* **The task**
Write each entry again exactly as shown, but without the images it holds.

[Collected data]
◇ ◇ ◇ ◇

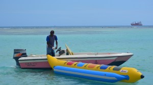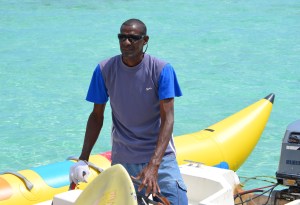 Tiene 52 años, pero parece de menos. Puertoplatense. Llego a Boca Chica muy pequeñito (3) y no ha vuelto a salir de allá. 30 años trabajando en la playa. Esta en excelente forma porque todos los días se levanta a nadar. Le va regular en este negocio…. ”Consigo para comer” … El bote es alquilado y por cada vuelta, se gana unos RD$200. Tiene 5 hijos de dos matrimonios diferentes, pero todos viven con él y su segunda esposa. “Mi esposa me ayuda, es profesora y ahora va a trabajar dos turnos”. (Foto: RossQ)
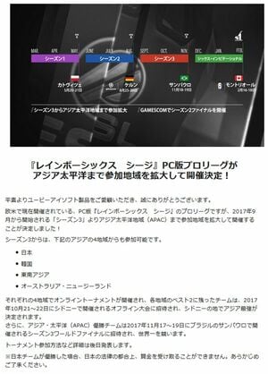 昨年6月に掲載されたその告知にはPC版『レインボーシックス シージ』のプロリーグ「シーズン3」がアジア太平洋地域まで参加地域を拡大して開催すると書いてあります。
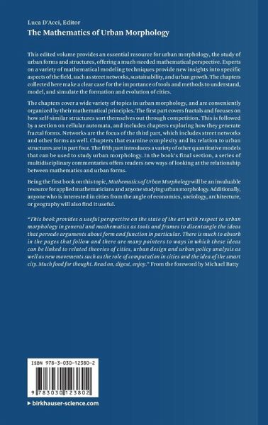 "This book provides a useful perspective on the state of the art with respect to urban morphology in general and mathematics as tools and frames to disentangle the ideas that pervade arguments about form and function in particular. There is much to absorb in the pages that follow and thereare many pointers to ways in which these ideas can be linked to related theories of cities, urban design and urban policy analysis as well as new movements such as the role of computation in cities and the idea of the smart city. Much food for thought. Read on, digest, enjoy." From the foreword by Michael Batty
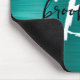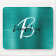 Dieses elegante personalisierte Mauspad verfügt über ein Monogramm und einen Vornamen in modernem Schwarz-Weiß-Skript auf einem aquamarinen, gebürsteten Metallhintergrund.
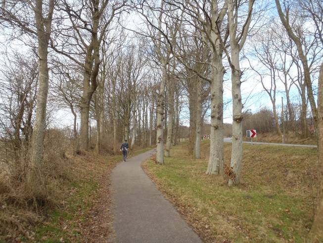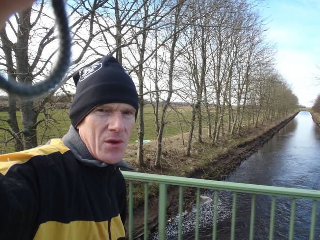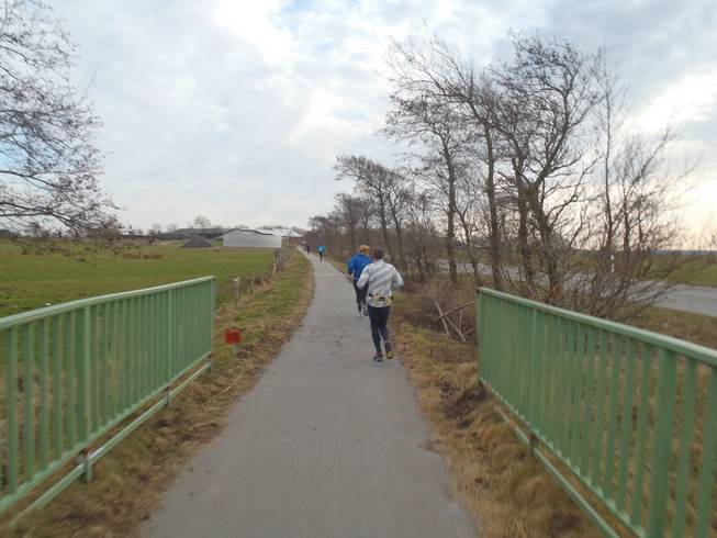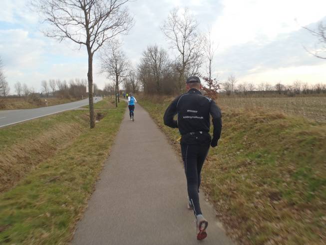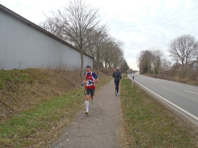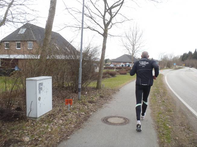 L28 Drelsdorfer Straße 14.04 Uhr / Kilometer 23,0 Gleich am Ortsausgang von Breklum wurde es bitter. Eine sehr lang gezogene Steigung und der Wind heftig von vorne. Da wurde aus Laufen fast Gehen. Das tat in den Beinen weh. |
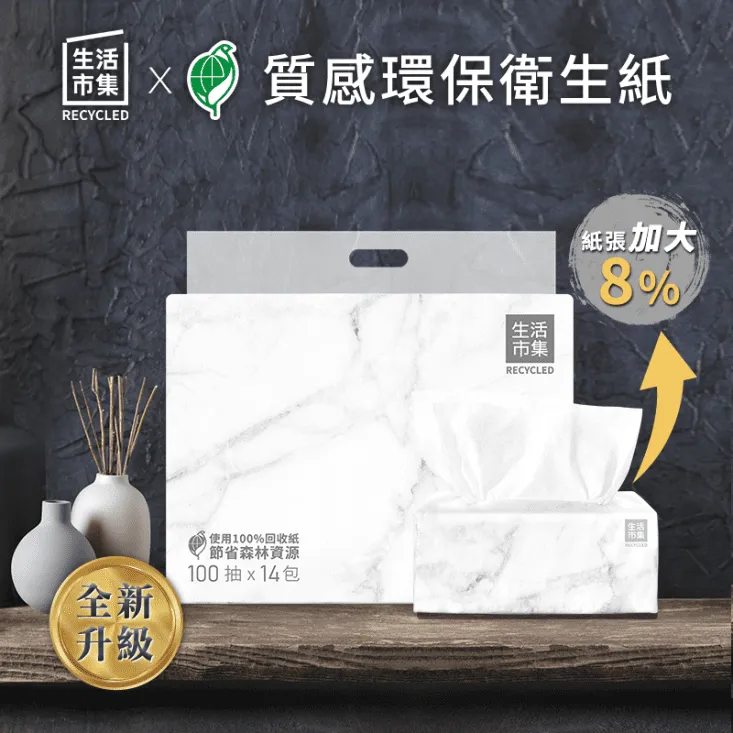 【生活市集】質感環保抽取式衛生紙(100抽x14包x6串/箱)ISO環保標章認證
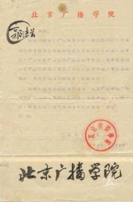 1964 年,北京广播学院编印的《广播稿选》第一集出版。这本书选集了中华人民共和国成立以前延安、陕北、北平新华广播电台广播过的广播稿四十多篇。其中有人大常委会副委员长、中国文联主席的郭沫若先生的一篇演讲稿。在编辑此书时,郭沫若先生提供了很多帮助和指示。为了表示感谢,学院特赠书一册以表纪念,同时还请郭沫若先生为学院题写“北京广播学院”六个字,做横匾用。11 月 11 日,郭沫若在回信中为北京广播学院题写了校名,成为学院的珍贵纪念。
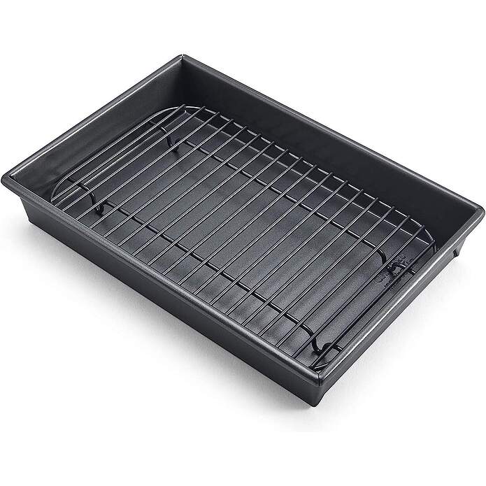 I bought a new oval roasting rack, and a new mini rectangular roasting pan with its own rack about 3 weeks ago at a cute kitchen shop 60 miles from home. I didn’t realize until I washed the roasting pan that they are all coated in non-stick coating. I don’t use any non-stick skillets and my only non stick pan was a wok that my roommate destroyed with a fork in 1993.
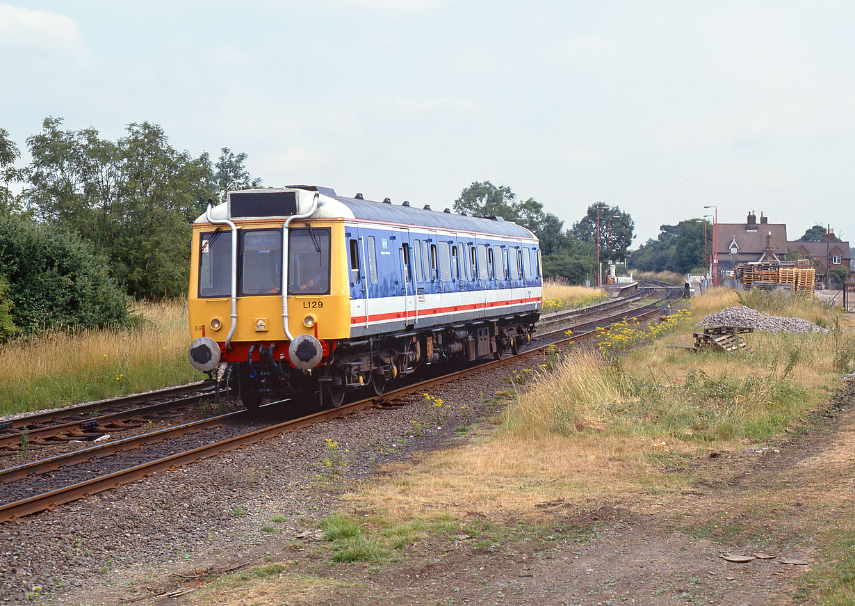 In 1994 the Network SouthEast liveried 55029 was smartened up with the addition of a white cab roof (which the class originally carried when they were in green livery), red buffer beams, and silver buffers and exhaust stacks. It is seen here leaving Ridgmont on 16 July 1994 with the 11:40 Bedford to Bletchley service. At the time the Bedford to Bletchley line was something of a time warp, not only with classic traction, but semaphore signalling and hand operated level crossing gates. |
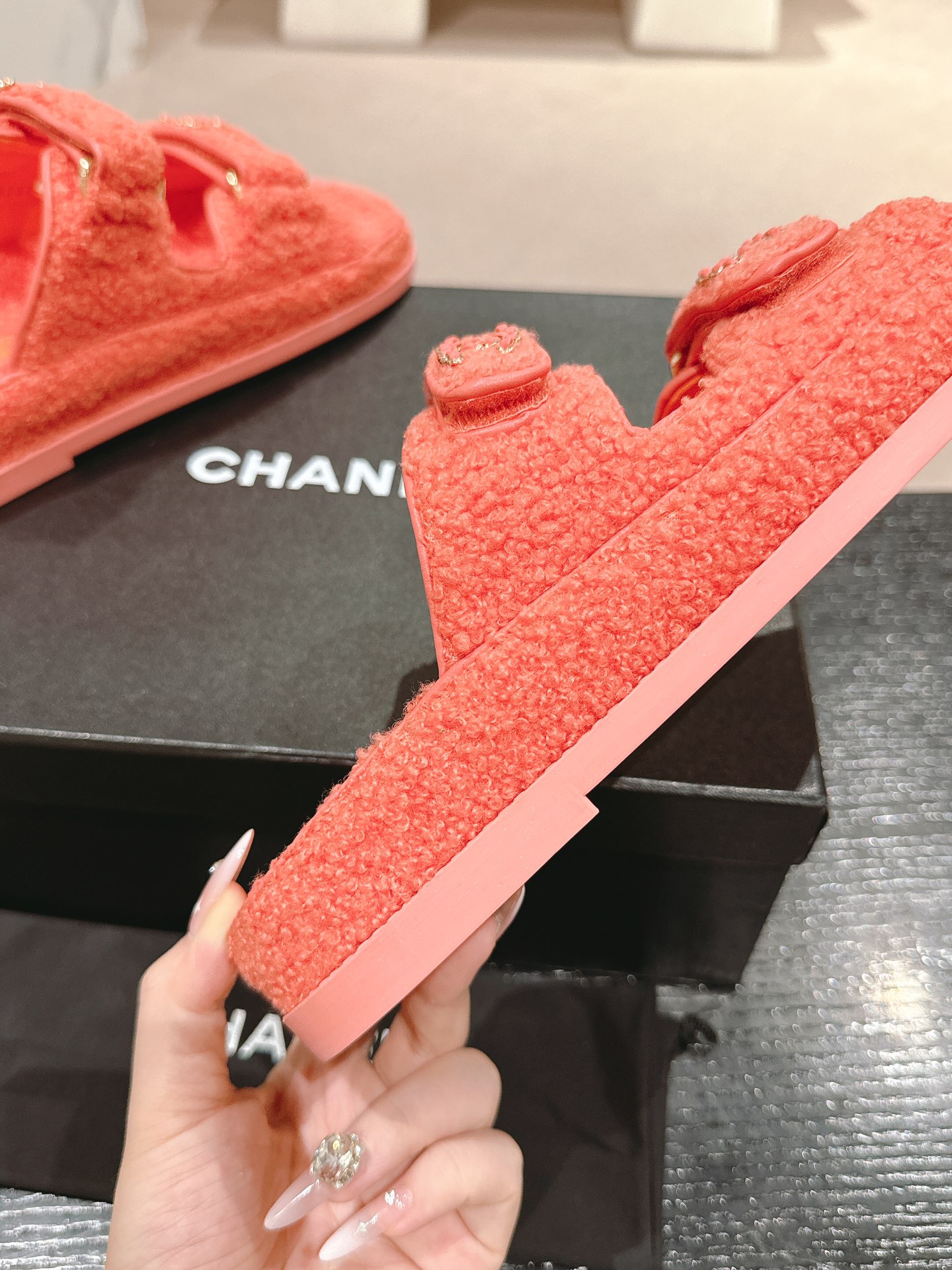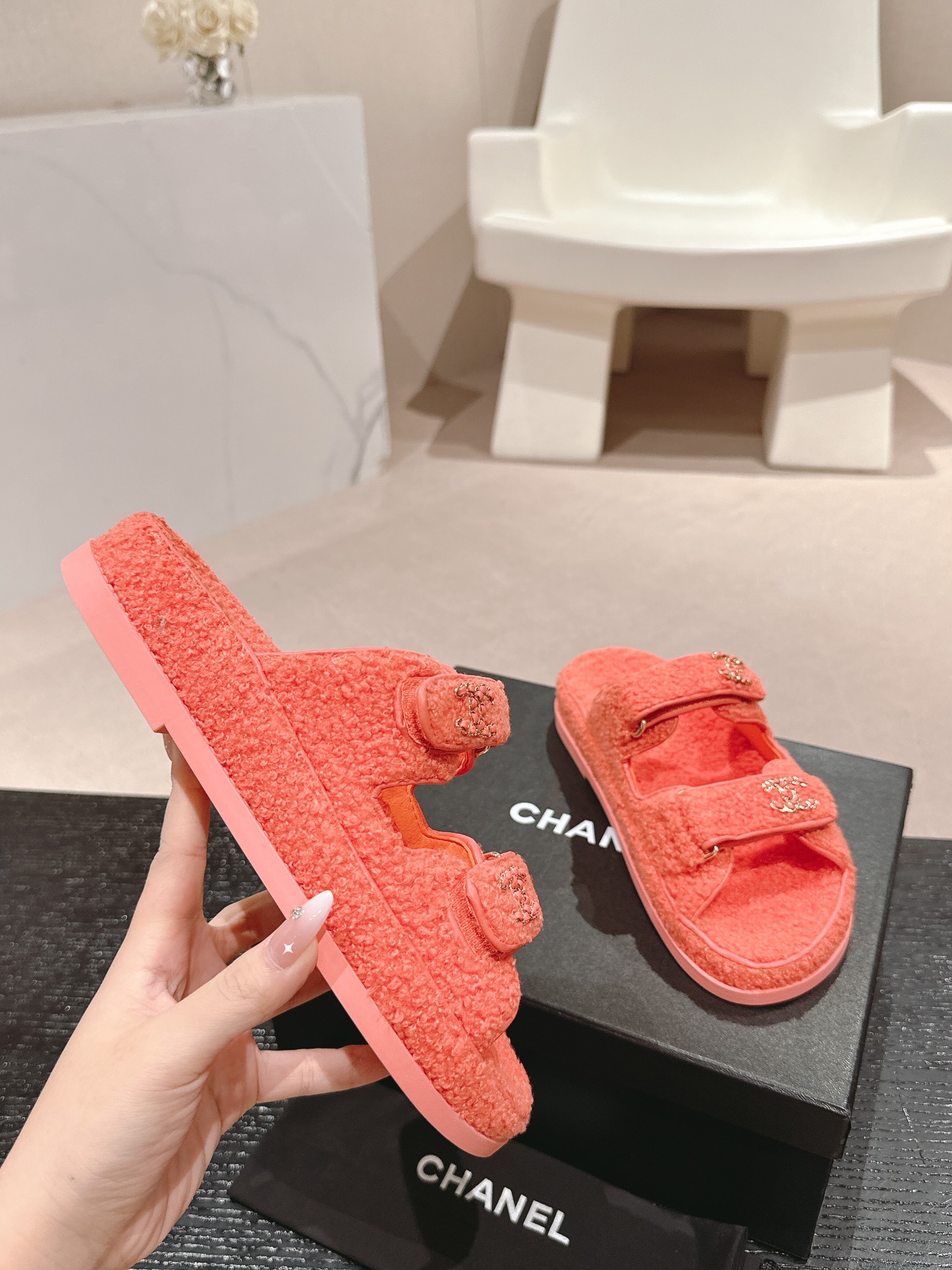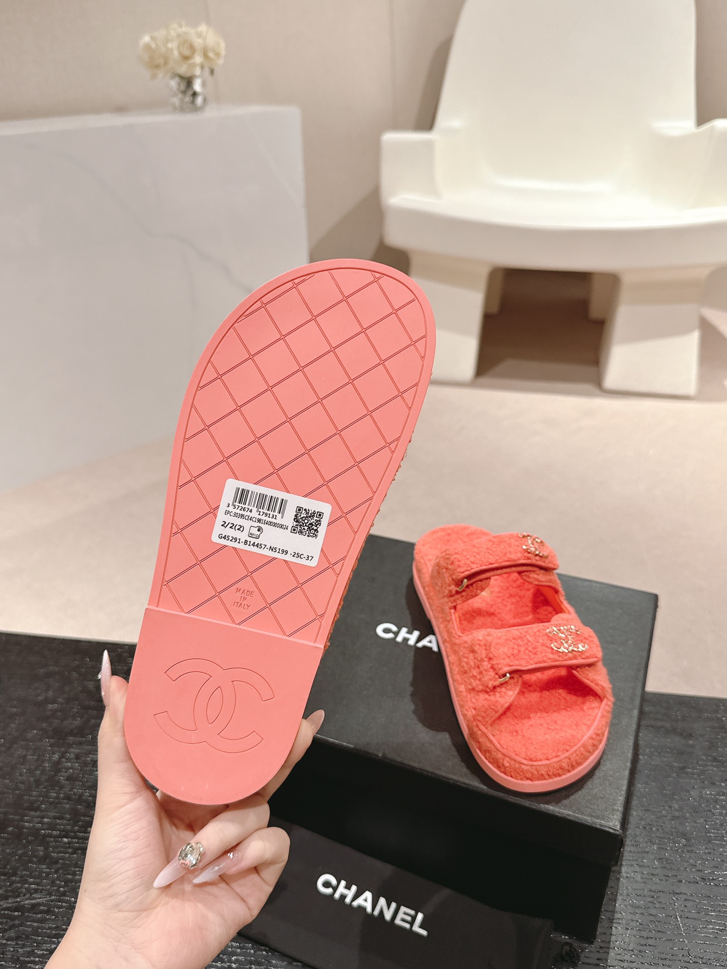這款鞋子是AAAAA 1:1 質量(非常棒). 使用了和原版一模一樣的材料. 商標部分也保持了和香奈兒/Chanel一樣. 圖片拍攝是實物鞋子拍攝, 您所收到的實物保證和我們圖片一模一樣.
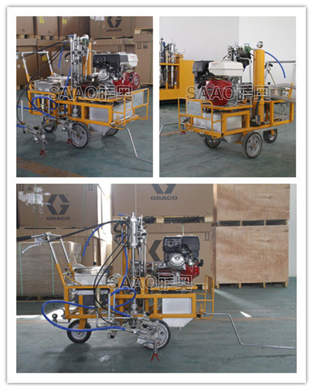 手推車(chē)載兩用冷噴劃線機(jī)為高雅力等流量型無(wú)氣噴涂機(jī),該機(jī)利用汽油機(jī)驅(qū)動(dòng)單柱塞泵,是涂料在機(jī)內(nèi)形成高壓進(jìn)行噴涂,所以劃線厚薄均勻角齊,噴槍架導(dǎo)向桿升降設(shè)計(jì)

◇ ◇ ◇ ◇

* **Answer for the task**
 Tiene 52 años, pero parece de menos. Puertoplatense. Llego a Boca Chica muy pequeñito (3) y no ha vuelto a salir de allá. 30 años trabajando en la playa. Esta en excelente forma porque todos los días se levanta a nadar. Le va regular en este negocio…. ”Consigo para comer” … El bote es alquilado y por cada vuelta, se gana unos RD$200. Tiene 5 hijos de dos matrimonios diferentes, pero todos viven con él y su segunda esposa. “Mi esposa me ayuda, es profesora y ahora va a trabajar dos turnos”. (Foto: RossQ)
 昨年6月に掲載されたその告知にはPC版『レインボーシックス シージ』のプロリーグ「シーズン3」がアジア太平洋地域まで参加地域を拡大して開催すると書いてあります。
 "This book provides a useful perspective on the state of the art with respect to urban morphology in general and mathematics as tools and frames to disentangle the ideas that pervade arguments about form and function in particular. There is much to absorb in the pages that follow and thereare many pointers to ways in which these ideas can be linked to related theories of cities, urban design and urban policy analysis as well as new movements such as the role of computation in cities and the idea of the smart city. Much food for thought. Read on, digest, enjoy." From the foreword by Michael Batty
 Dieses elegante personalisierte Mauspad verfügt über ein Monogramm und einen Vornamen in modernem Schwarz-Weiß-Skript auf einem aquamarinen, gebürsteten Metallhintergrund.
 L28 Drelsdorfer Straße 14.04 Uhr / Kilometer 23,0 Gleich am Ortsausgang von Breklum wurde es bitter. Eine sehr lang gezogene Steigung und der Wind heftig von vorne. Da wurde aus Laufen fast Gehen. Das tat in den Beinen weh. |
 【生活市集】質感環保抽取式衛生紙(100抽x14包x6串/箱)ISO環保標章認證
 1964 年,北京广播学院编印的《广播稿选》第一集出版。这本书选集了中华人民共和国成立以前延安、陕北、北平新华广播电台广播过的广播稿四十多篇。其中有人大常委会副委员长、中国文联主席的郭沫若先生的一篇演讲稿。在编辑此书时,郭沫若先生提供了很多帮助和指示。为了表示感谢,学院特赠书一册以表纪念,同时还请郭沫若先生为学院题写“北京广播学院”六个字,做横匾用。11 月 11 日,郭沫若在回信中为北京广播学院题写了校名,成为学院的珍贵纪念。
 I bought a new oval roasting rack, and a new mini rectangular roasting pan with its own rack about 3 weeks ago at a cute kitchen shop 60 miles from home. I didn’t realize until I washed the roasting pan that they are all coated in non-stick coating. I don’t use any non-stick skillets and my only non stick pan was a wok that my roommate destroyed with a fork in 1993.
 In 1994 the Network SouthEast liveried 55029 was smartened up with the addition of a white cab roof (which the class originally carried when they were in green livery), red buffer beams, and silver buffers and exhaust stacks. It is seen here leaving Ridgmont on 16 July 1994 with the 11:40 Bedford to Bletchley service. At the time the Bedford to Bletchley line was something of a time warp, not only with classic traction, but semaphore signalling and hand operated level crossing gates. |
這款鞋子是AAAAA 1:1 質量(非常棒). 使用了和原版一模一樣的材料. 商標部分也保持了和香奈兒/Chanel一樣. 圖片拍攝是實物鞋子拍攝, 您所收到的實物保證和我們圖片一模一樣.
 手推車(chē)載兩用冷噴劃線機(jī)為高雅力等流量型無(wú)氣噴涂機(jī),該機(jī)利用汽油機(jī)驅(qū)動(dòng)單柱塞泵,是涂料在機(jī)內(nèi)形成高壓進(jìn)行噴涂,所以劃線厚薄均勻角齊,噴槍架導(dǎo)向桿升降設(shè)計(jì)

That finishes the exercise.